▶ _MATERIAL FOR THIS EXERCISE_:
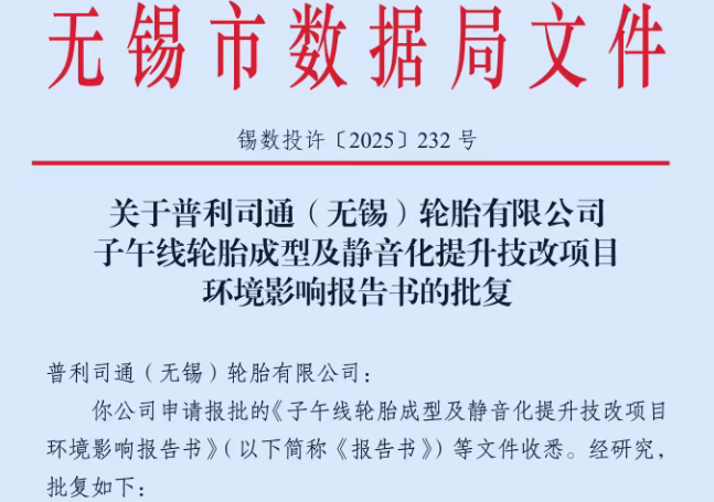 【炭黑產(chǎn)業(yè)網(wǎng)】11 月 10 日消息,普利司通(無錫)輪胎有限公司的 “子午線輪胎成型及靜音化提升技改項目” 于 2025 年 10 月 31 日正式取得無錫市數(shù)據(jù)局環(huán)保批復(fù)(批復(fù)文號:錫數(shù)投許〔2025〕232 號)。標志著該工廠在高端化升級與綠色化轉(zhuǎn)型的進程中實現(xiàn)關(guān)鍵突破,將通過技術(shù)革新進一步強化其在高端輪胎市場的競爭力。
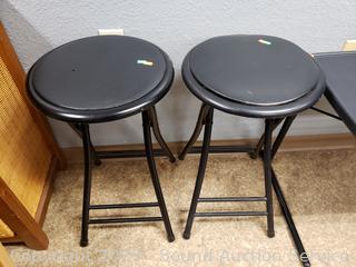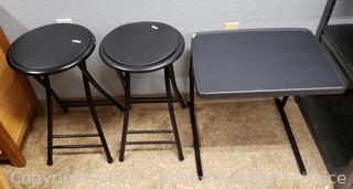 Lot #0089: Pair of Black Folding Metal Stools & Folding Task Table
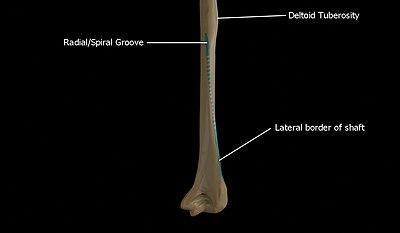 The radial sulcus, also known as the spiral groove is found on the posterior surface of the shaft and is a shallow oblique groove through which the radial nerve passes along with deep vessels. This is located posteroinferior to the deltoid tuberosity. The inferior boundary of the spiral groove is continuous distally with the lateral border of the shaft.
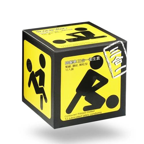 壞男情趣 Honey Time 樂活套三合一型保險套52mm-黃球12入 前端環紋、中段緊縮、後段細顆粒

* * *

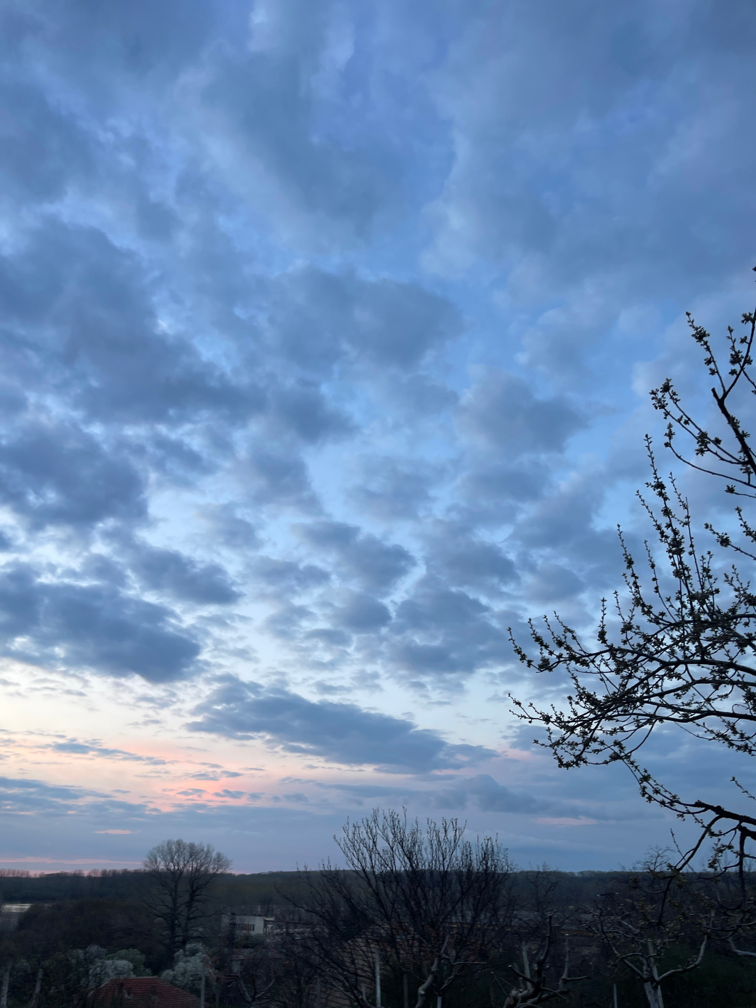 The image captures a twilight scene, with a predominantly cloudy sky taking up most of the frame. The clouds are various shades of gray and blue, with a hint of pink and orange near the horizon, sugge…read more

* * *

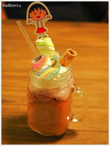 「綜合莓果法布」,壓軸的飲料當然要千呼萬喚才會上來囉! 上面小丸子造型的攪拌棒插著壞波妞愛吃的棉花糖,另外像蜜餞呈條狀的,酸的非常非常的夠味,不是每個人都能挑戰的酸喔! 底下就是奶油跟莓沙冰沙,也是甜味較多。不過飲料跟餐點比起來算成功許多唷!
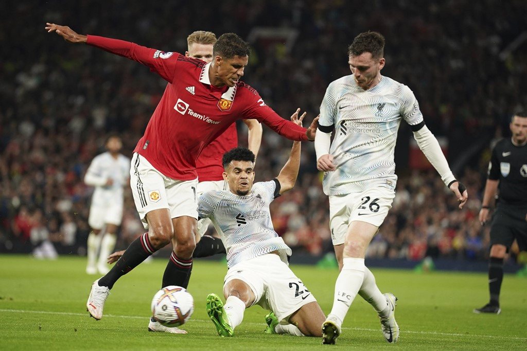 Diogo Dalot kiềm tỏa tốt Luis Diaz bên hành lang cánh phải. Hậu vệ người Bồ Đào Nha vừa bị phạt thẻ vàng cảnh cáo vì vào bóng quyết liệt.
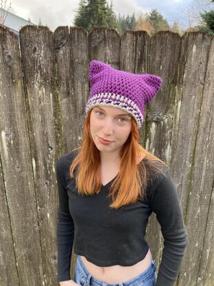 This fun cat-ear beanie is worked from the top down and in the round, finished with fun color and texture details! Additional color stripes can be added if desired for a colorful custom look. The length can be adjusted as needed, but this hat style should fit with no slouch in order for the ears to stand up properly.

▶ _WHAT THIS TASK INVOLVES_: Set down word for word the lines above from the one with "月 10 日消息,普利司通(無錫)輪胎有限公司的" up to and including the one with "壞男情趣 Honey Time". Omit every picture.

▶ _RESULT OF THIS TASK_:
 【炭黑產(chǎn)業(yè)網(wǎng)】11 月 10 日消息,普利司通(無錫)輪胎有限公司的 “子午線輪胎成型及靜音化提升技改項目” 于 2025 年 10 月 31 日正式取得無錫市數(shù)據(jù)局環(huán)保批復(fù)(批復(fù)文號:錫數(shù)投許〔2025〕232 號)。標志著該工廠在高端化升級與綠色化轉(zhuǎn)型的進程中實現(xiàn)關(guān)鍵突破,將通過技術(shù)革新進一步強化其在高端輪胎市場的競爭力。
 Lot #0089: Pair of Black Folding Metal Stools & Folding Task Table
 The radial sulcus, also known as the spiral groove is found on the posterior surface of the shaft and is a shallow oblique groove through which the radial nerve passes along with deep vessels. This is located posteroinferior to the deltoid tuberosity. The inferior boundary of the spiral groove is continuous distally with the lateral border of the shaft.
 壞男情趣 Honey Time 樂活套三合一型保險套52mm-黃球12入 前端環紋、中段緊縮、後段細顆粒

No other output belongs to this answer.